R. L. S.

Letter: TO E. L. BURLINGAME

SCHOONER 'EQUATOR,' AT SEA, WEDNESDAY, 4TH DECEMBER 1889.

MY DEAR BURLINGAME, - We are now about to rise, like whales, from this long dive, and I make ready a communication which is to go to you by the first mail from Samoa. How long we shall stay in that group I cannot forecast; but it will be best still to address at Sydney, where I trust, when I shall arrive, perhaps in one month from now, more probably in two or three, to find all news.

BUSINESS. - Will you be likely to have a space in the Magazine for a serial story, which should be, ready, I believe, by April, at latest by autumn? It is called THE WRECKER; and in book form will appear as number 1 of South Sea Yarns by R. L. S. and Lloyd Osbourne. Here is the table as far as fully conceived, and indeed executed. ...

The story is founded on fact, the mystery I really believe to be insoluble; the purchase of a wreck has never been handled before, no more has San Francisco. These seem all elements of success. There is, besides, a character, Jim Pinkerton, of the advertising American, on whom we build a good deal; and some sketches of the American merchant marine, opium smuggling in Honolulu, etc. It should run to (about) three hundred pages of my MS. I would like to know if this tale smiles upon you, if you will have a vacancy, and what you will be willing to pay. It will of course be copyright in both the States and England. I am a little anxious to have it tried serially, as it tests the interest of the mystery.

PLEASURE. - We have had a fine time in the Gilbert group, though four months on low islands, which involves low diet, is a largish order; and my wife is rather down. I am myself, up to now, a pillar of health, though our long and vile voyage of calms, squalls, cataracts of rain, sails carried away, foretopmast lost, boats cleared and packets made on the approach of a p. d. reef, etc., has cured me of salt brine, and filled me with a longing for beef steak and mangoes not to be depicted.
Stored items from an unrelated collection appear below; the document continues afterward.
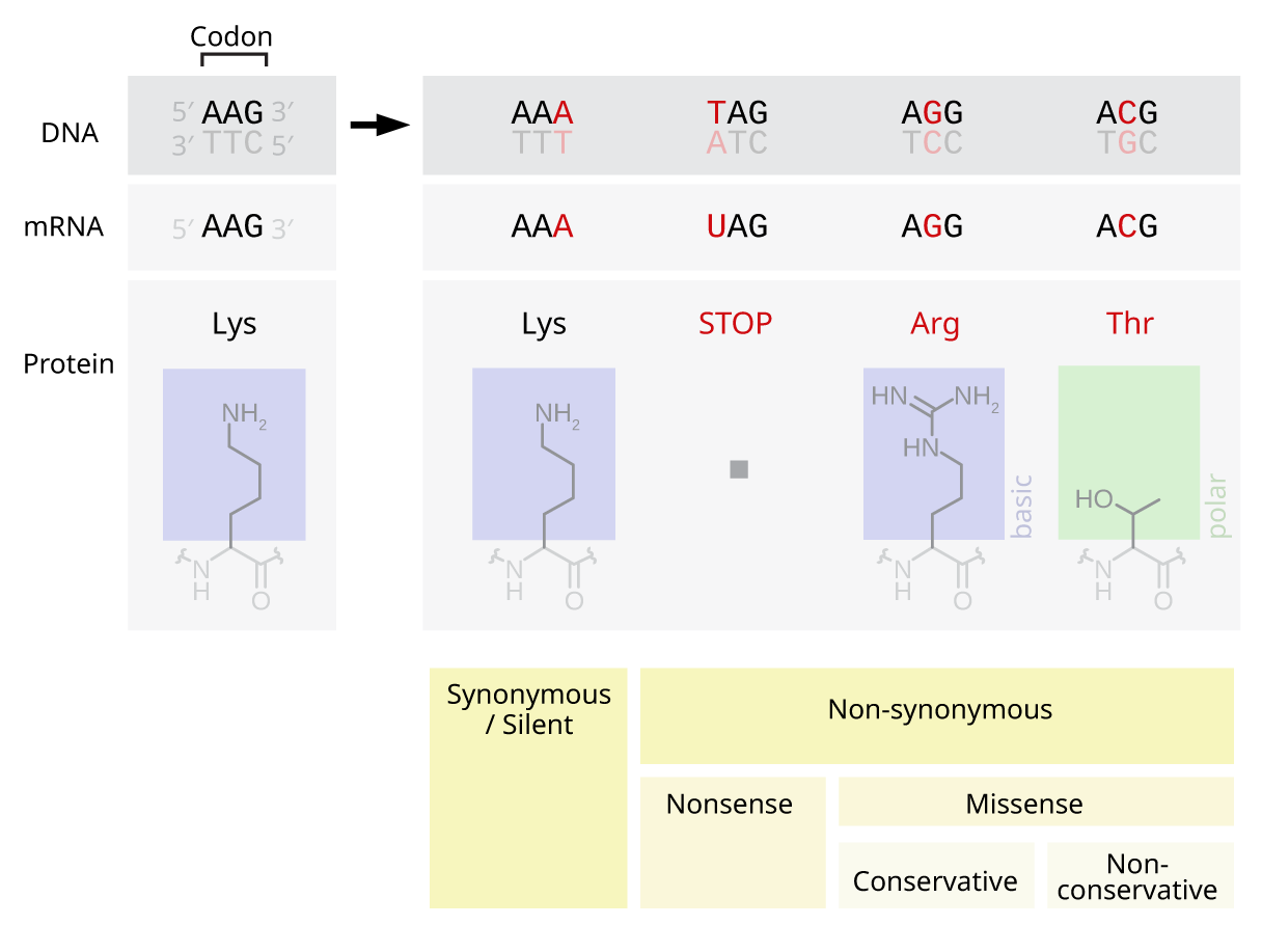 Types of point mutations. With examples.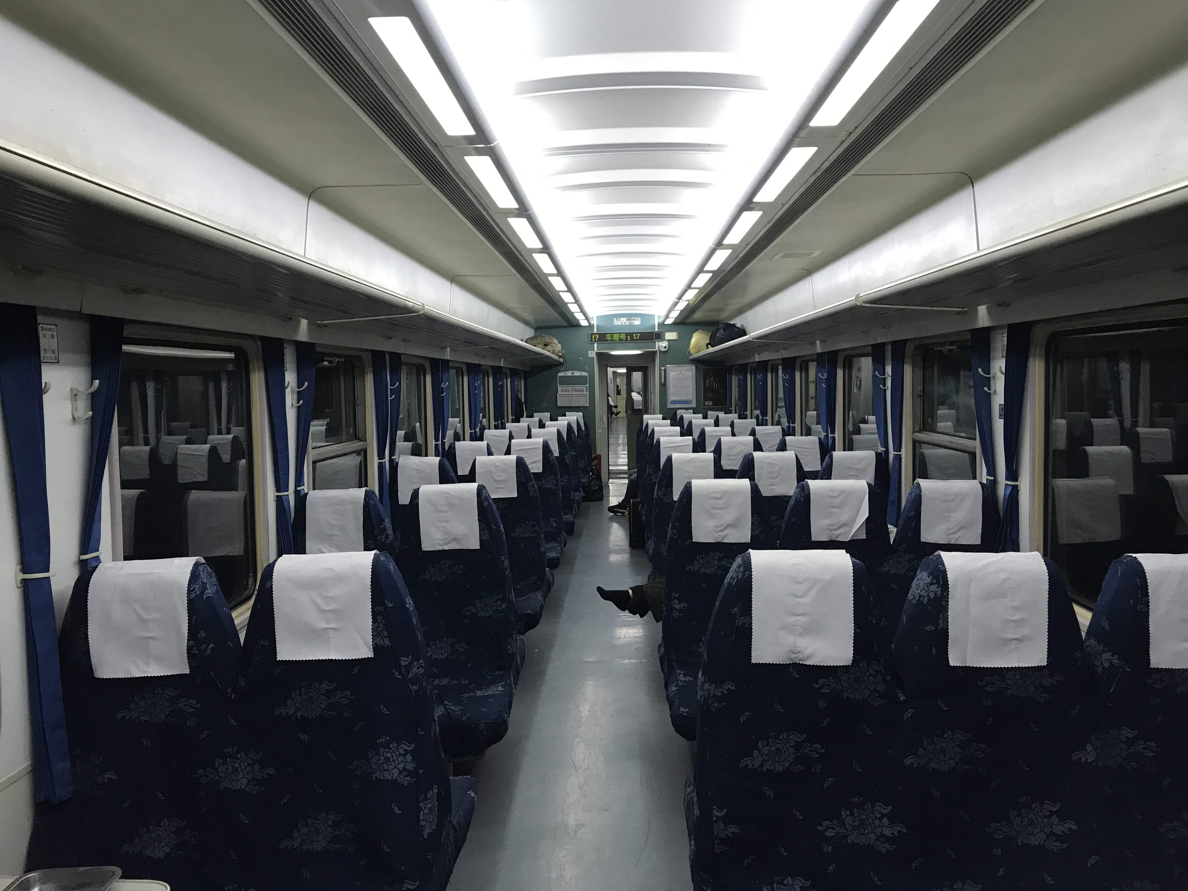 201812 Interior of YZ25K from T66. No beef noodle on service in the midnight.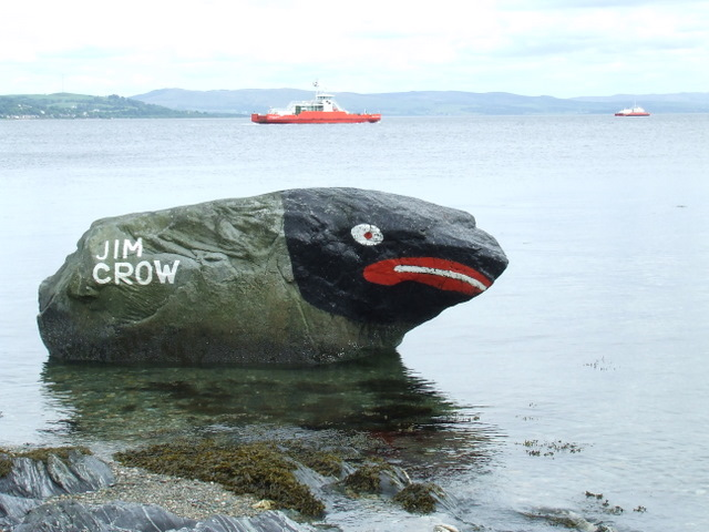 Jim Crow A painted boulder, standing around six feet tall, on the beach between Hunter's Quay and Kirn.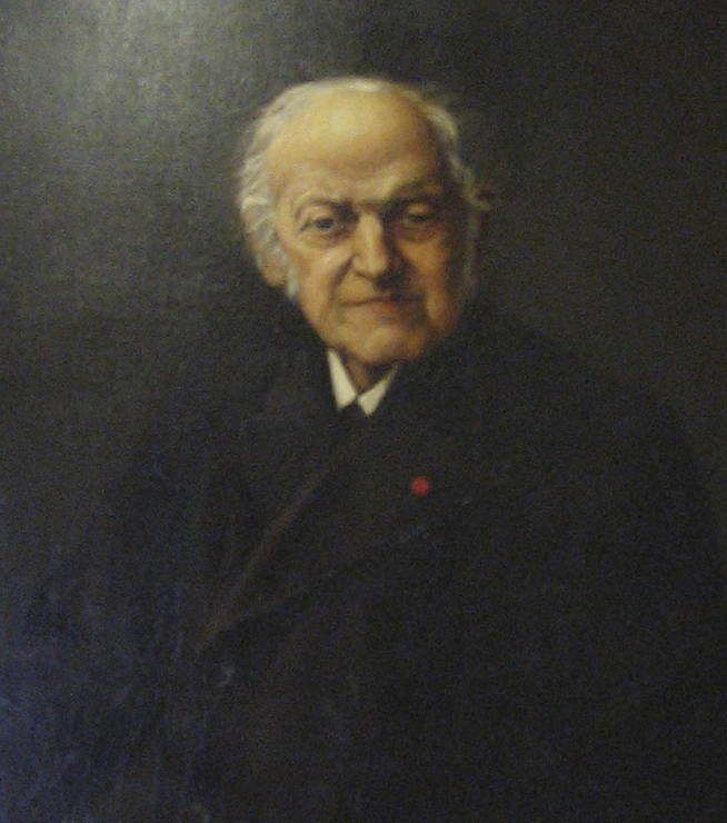 Painted portrait of Charles Lyon-Caen (1843-1935), French jurist. Gift by the Frecnh group of the Association of Attendees and Alumni of The Hague Academy of International Law (AAA).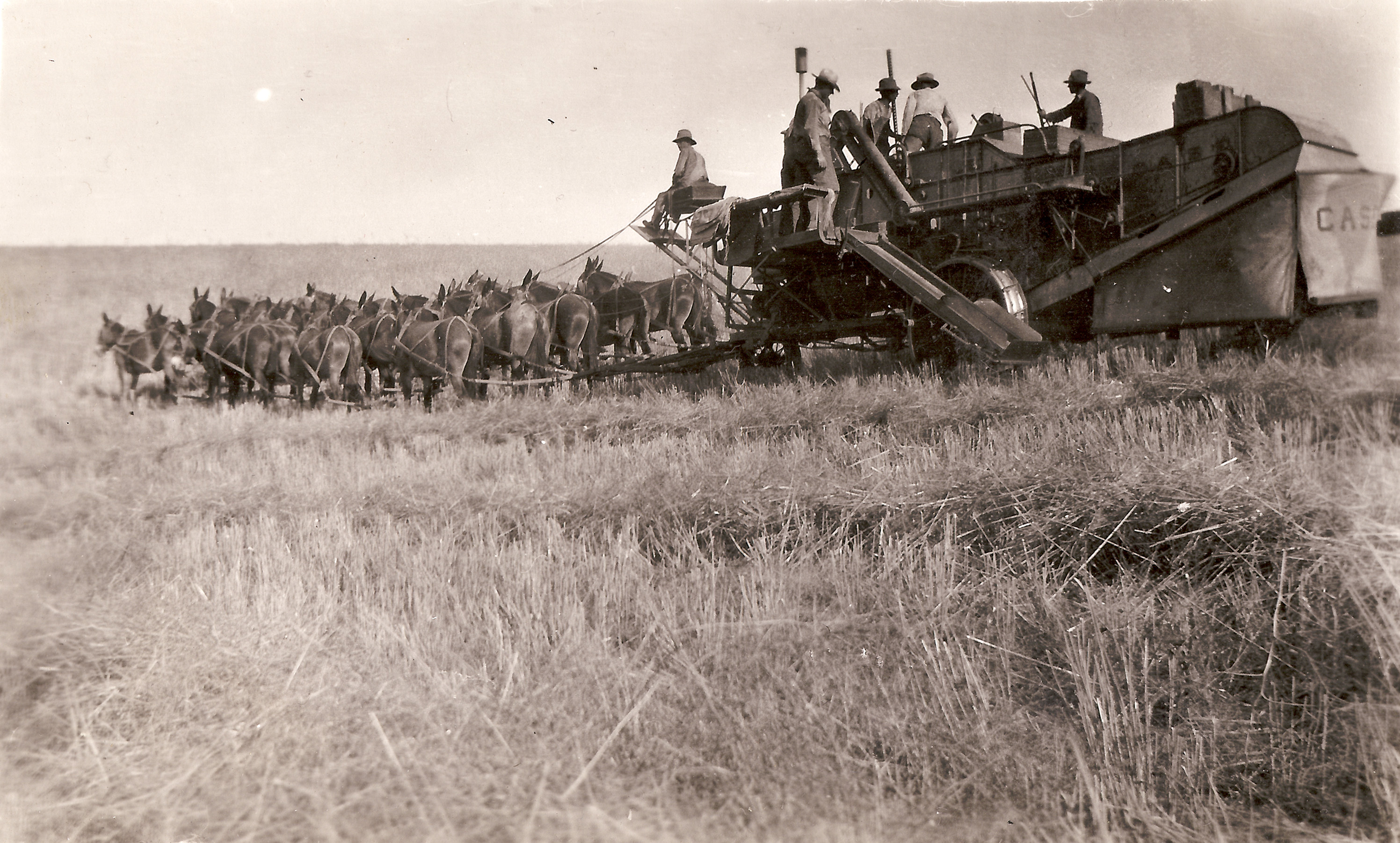 I scanned a picture from one of my mother-in-laws albums. I estimate this was from around 1912. Can anybody tell a moronic city boy what the mules are pulling?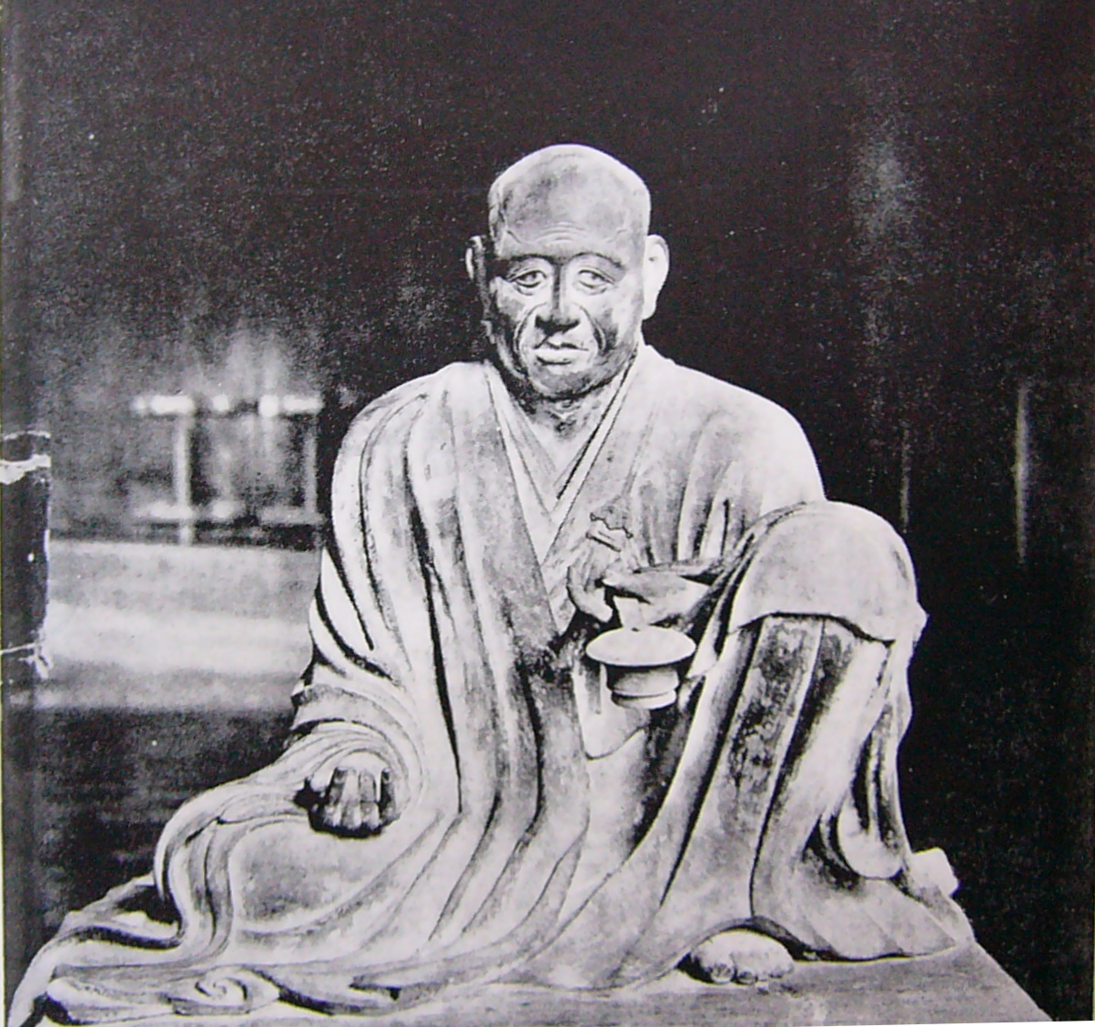 Gyōga :Six Patriarchs of the Hossō sec, Wood, atlier Kōkei , about ACE1187, late Heian period, total height 74.8 cm (29.4 in), Kōfuku-ji, Nara,, Japan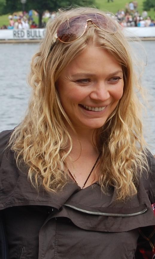 Jodie Kidd at the Red Bull Flugtag 2008.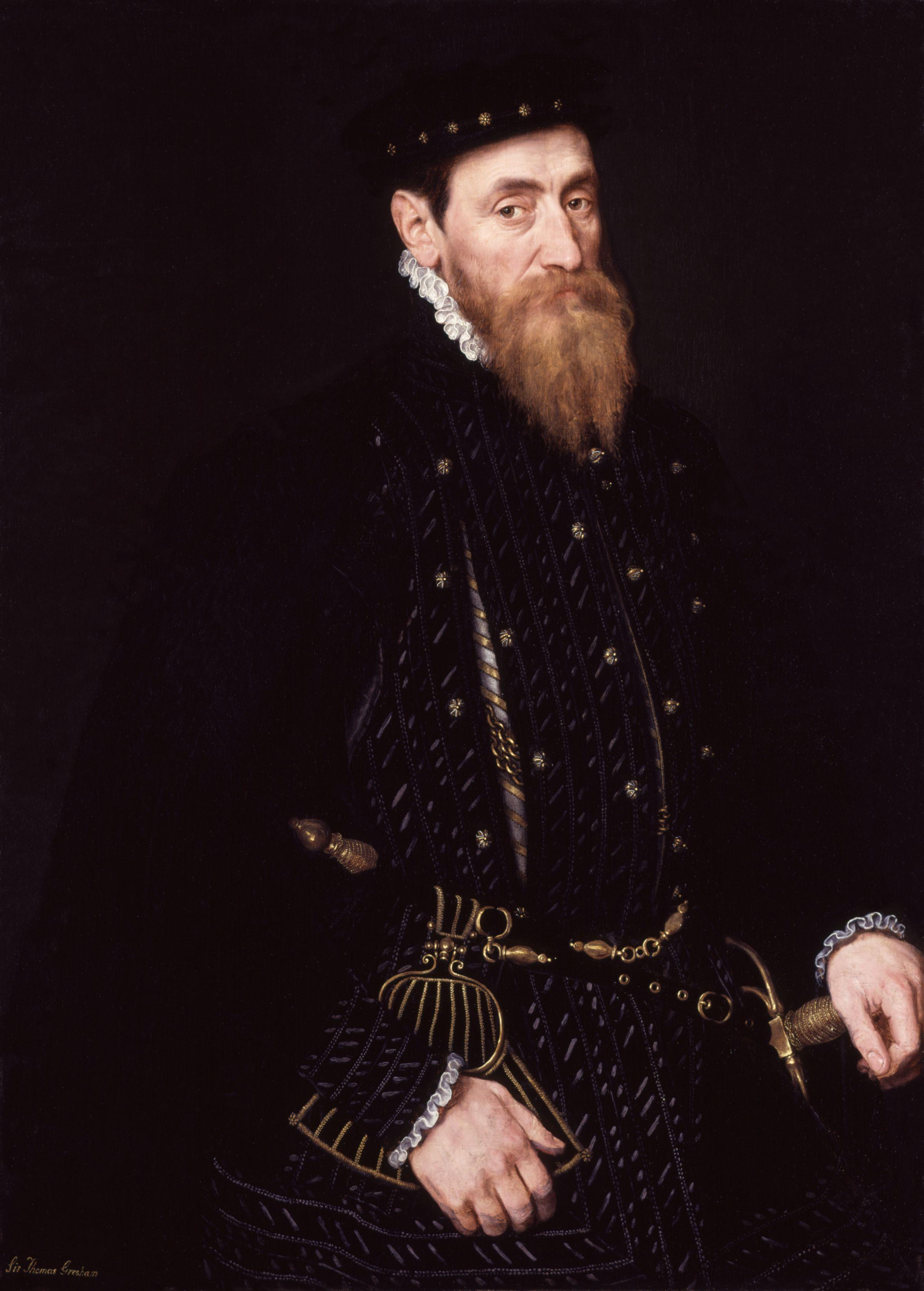 Sir Thomas Gresham, by unknown artist. All images in this batch have an unknown author, but there is strong evidence it was first published before 1923 (based mainly on the NPG's estimated date of the work).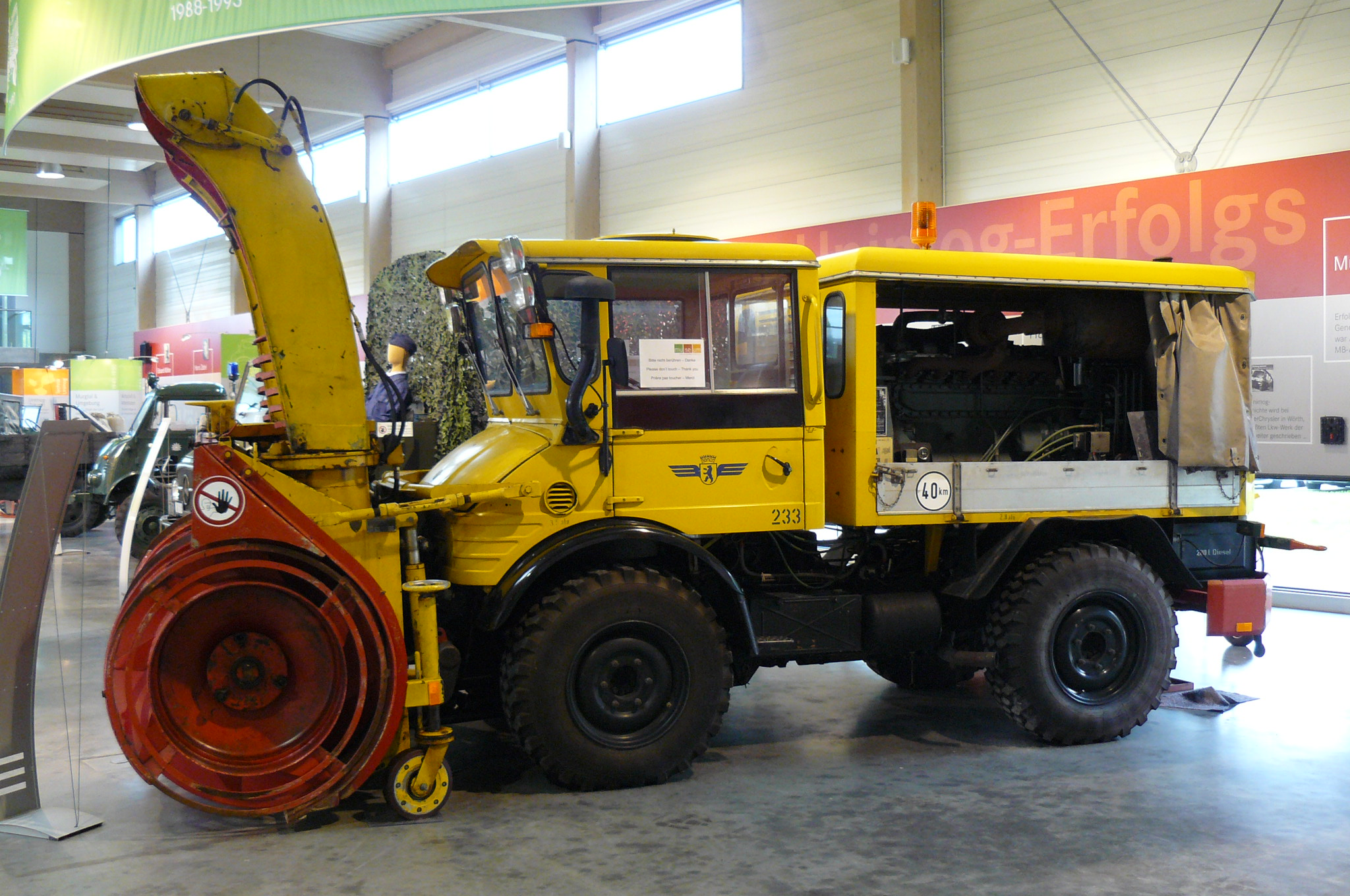 Unimog 406 snowblower used by Berliner Flughafen Tegel. Built in 1974. Seen in the Unimog-Museum in Gaggenau in September 2014.

The interest has been immense. Old King Tembinoka of Apemama, the Napoleon of the group, poet, tyrant, altogether a man of mark, gave me the woven corselets of his grandfather, his father and his uncle, and, what pleased me more, told me their singular story, then all manner of strange tales, facts and experiences for my South Sea book, which should be a Tearer, Mr. Burlingame: no one at least has had such stuff.

We are now engaged in the hell of a dead calm, the heat is cruel - it is the only time when I suffer from heat: I have nothing on but a pair of serge trousers, and a singlet without sleeves of Oxford gauze - O, yes, and a red sash about my waist; and yet as I sit here in the cabin, sweat streams from me. The rest are on deck under a bit of awning; we are not much above a hundred miles from port, and we might as well be in Kamschatka. However, I should be honest: this is the first calm I have endured without the added bane of a heavy swell, and the intoxicated blue-bottle wallowings and knockings of the helpless ship.

I wonder how you liked the end of THE MASTER; that was the hardest job I ever had to do; did I do it?

My wife begs to be remembered to yourself and Mrs. Burlingame. Remember all of us to all friends, particularly Low, in case I don't get a word through for him. - I am, yours very sincerely,

ROBERT LOUIS STEVENSON.

Letter: TO CHARLES BAXTER

SAMOA, [DECEMBER 1889].

MY DEAR BAXTER, - . . . I cannot return until I have seen either Tonga or Fiji or both: and I must not leave here till I have finished my collections on the war - a very interesting bit of history, the truth often very hard to come at, and the search (for me) much complicated by the German tongue, from the use of which I have desisted (I suppose) these fifteen years. The last two days I have been mugging with a dictionary from five to six hours a day; besides this, I have to call upon, keep sweet, and judiciously interview all sorts of persons - English, American, German, and Samoan.